Splenic enlargement is expected in the early phase: however, in many patients, splenic atrophy is seen because platelets obstruct microcirculation in the spleen.
Most patients are asymptomatic, but the main symptoms are the product of thromboembolic and microvascular phenomena.
Life expectancy is indicated the same as the general population, but in young patients, this is diminished, as well as the quality of life. Progression to acute leukemia is a possibility over the years and can occur in its natural history or related to the type of treatment used.
• Thrombocytosis, in general, is produced by three fundamental causes:
They can be reactive or secondary, they can be familial thrombocytosis, or they can be clonal. ET is diagnosed by excluding other causes of thrombocytosis.
Causes of Thrombocytosis that ARE NOT ESSENTIAL THROMBOCYTHEMIA
• Reactive thrombocytosis
- Faith deficit
- Chronic infections or inflammations (connective tissue diseases, temporal arteritis, tuberculosis, chronic bronchial diseases, vasculitis)
- Acute infections and inflammations.
- Acute bleeding
- Hemolytic anemias
- Response to exercise
- Post-splenectomy
- Tissue damage (surgery, acute myocardial infarction, pancreatitis, trauma)
- Neoplasms
- Recovery from thrombocytopenia (rebound)
- Response to drugs (vincristine, retinoic acid, epinephrine, growth factor)
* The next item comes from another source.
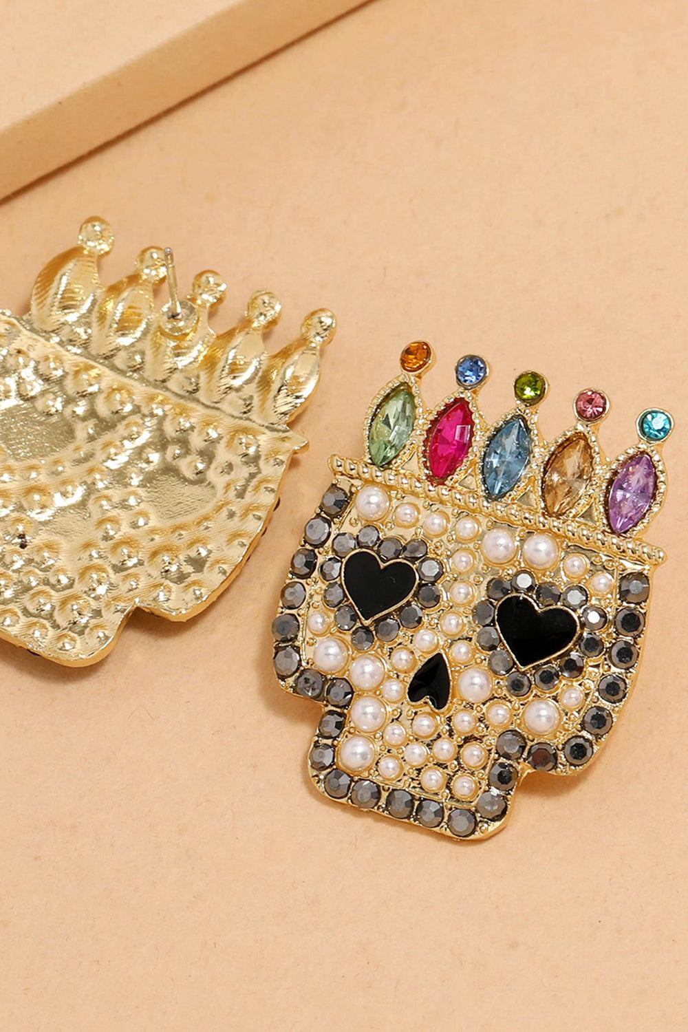 Increase quantity for Colorful Rhinestone Pearl Skull Earrings

Clinical and biological aspects
In most patients, thrombocytosis is detected incidentally in routine examinations, these being asymptomatic.
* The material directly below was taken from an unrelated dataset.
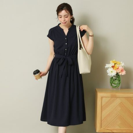 【UVケア/吸水速乾/洗濯機OK/洗濯後しわになりにくい】麻調合繊ワンピース<ラク服シリーズ>

In those with symptoms, thrombo-hemorrhagic manifestations and microcirculation alterations predominate. The former is the primary cause of morbidity and mortality, together with the malignant transformation in the natural history of the disease or due to the type of treatment carried out.
The mean age at diagnosis is 60 years, and there is a slight predominance of the female sex. With the introduction of automated platelet counters, asymptomatic young patients have increased. Exceptional cases have been described in childhood.
Diagnostic criteria
The diagnosis is by exclusion. There are no specific criteria for diagnosis.
- Platelet count> 600,000 uL.
- Hemoglobin <13 g / dL or normal blood volume
- No iron deficiency (presence of hemosiderin in the marrow).
- Absence of the Philadelphia chromosome.
- Collagenous fibrosis in bone marrow absent or if present: less than a third of the biopsy area, without splenomegaly or leucoerythroblastic reaction
- Absence of causes of secondary thrombocytosis.
– Generally, in the event of persistent and unexplained thrombocytosis in a non-splenectomized patient, with normal serum ferritin and C-reactive protein values, with a bone marrow examination cytogenetic and molecular studies that exclude CML, myelodysplastic syndromes, and PM, can raise a TE.
Treatment
The main objective of the treatment is to reach a figure of 450 thousand platelets.
Hydroxyurea (HU): 85% response. Reduces the number of platelets in 4 weeks. A maintenance dose is then assessed.
Recombinant interferon-alpha (IFaR)
Anagrelide: It acts in the postmitotic phase of the megakaryocyte, inhibiting its maturation. 93% response. Fundamental side effects (headache, tachycardia with palpitations, water retention, gastrointestinal intolerance).
It should be used with caution in pregnant women because it crosses the placental barrier.
Pipobroman: has a chemical structure similar to alkylating agents. 95% response.
Busulfan: Transformation to acute leukemia.
Radioactive phosphorus: Development of second neoplasms
Melphalan: Related to transformation to acute leukemia.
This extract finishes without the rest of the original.